◆ **PROBLEM**
From the line that contains "Rám: BUK / MDF, sedák: 28" down to the last line of the listing below, reproduce each line exactly but not the pictures.

◆ **DATA SHOWN**
::::::::::
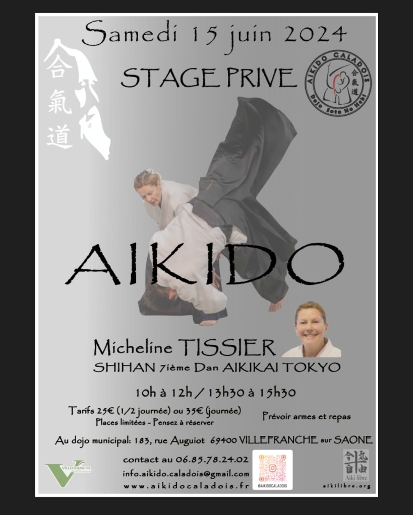 stage Aikido avec Micheline Tissier shihan le samedi 15 juin 2024 Adresse : dojo de Villefranche sur Saône 183 rue Auguoit 69400 Villefranche-sur-Saône horaires 10h-12h00 et 13h30-15h30 Partager : Partager sur X(ouvre dans une nouvelle fenêtre) X Partager sur Facebook(ouvre dans une nouvelle fenêtre) Facebook J’aime chargement…
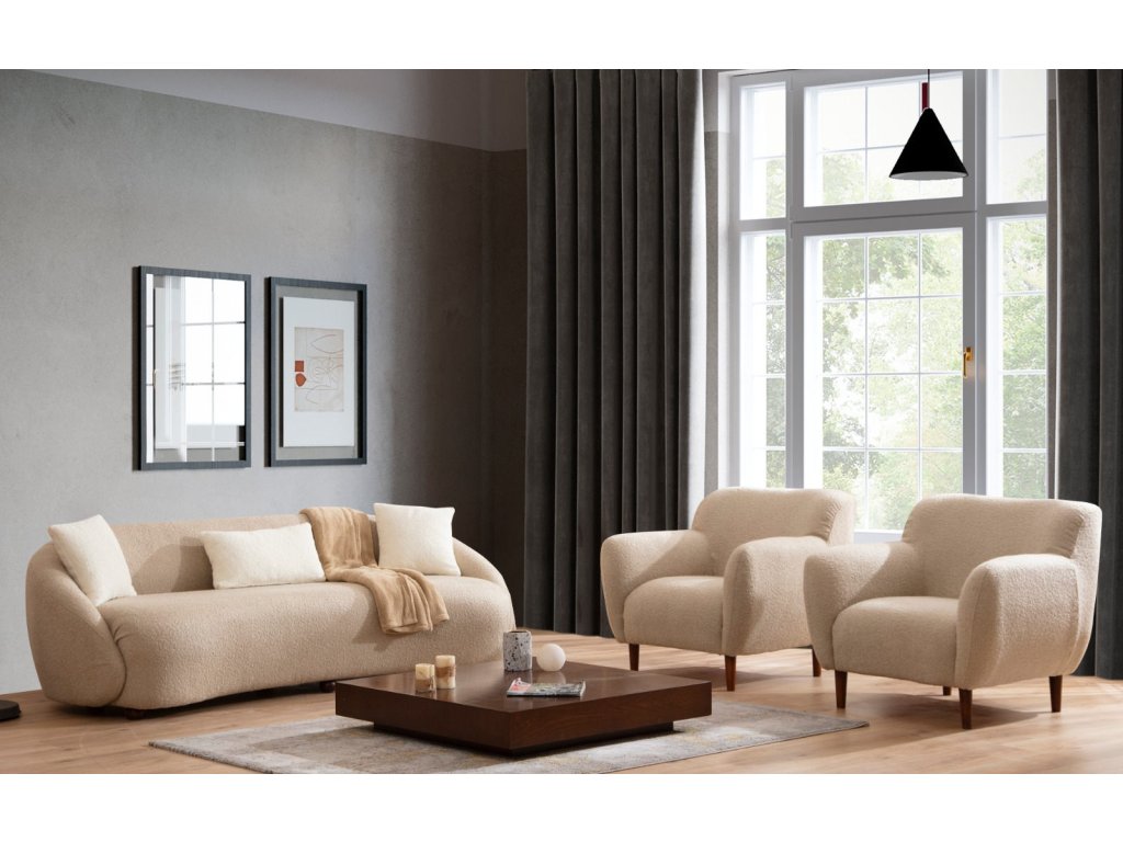 Rám: BUK / MDF, sedák: 28 DNS pěna (8 cm), záda: 24 DNS pěna + peří (5 cm), Látka: 100% snadno čistitelný POLYESTER béžové barvy, Nohy z ořechového dřeva (6 cm)
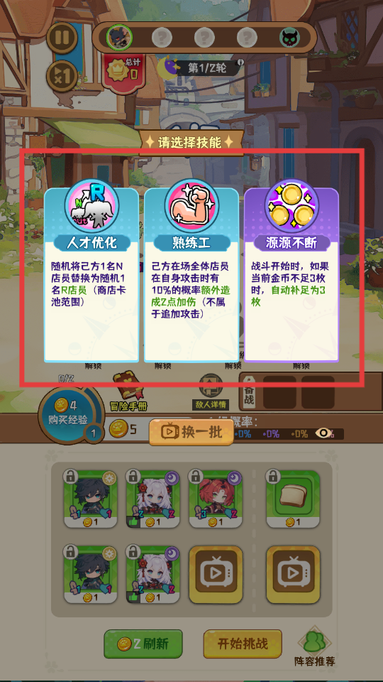 2、进入关卡时可根据需求挑选技能,若需提升店员品质选人才优化,想加攻击选熟练工,缺金币选源源不断。
::::::::::
◆ **EXERCISE SOLUTION**
 Rám: BUK / MDF, sedák: 28 DNS pěna (8 cm), záda: 24 DNS pěna + peří (5 cm), Látka: 100% snadno čistitelný POLYESTER béžové barvy, Nohy z ořechového dřeva (6 cm)
 2、进入关卡时可根据需求挑选技能,若需提升店员品质选人才优化,想加攻击选熟练工,缺金币选源源不断。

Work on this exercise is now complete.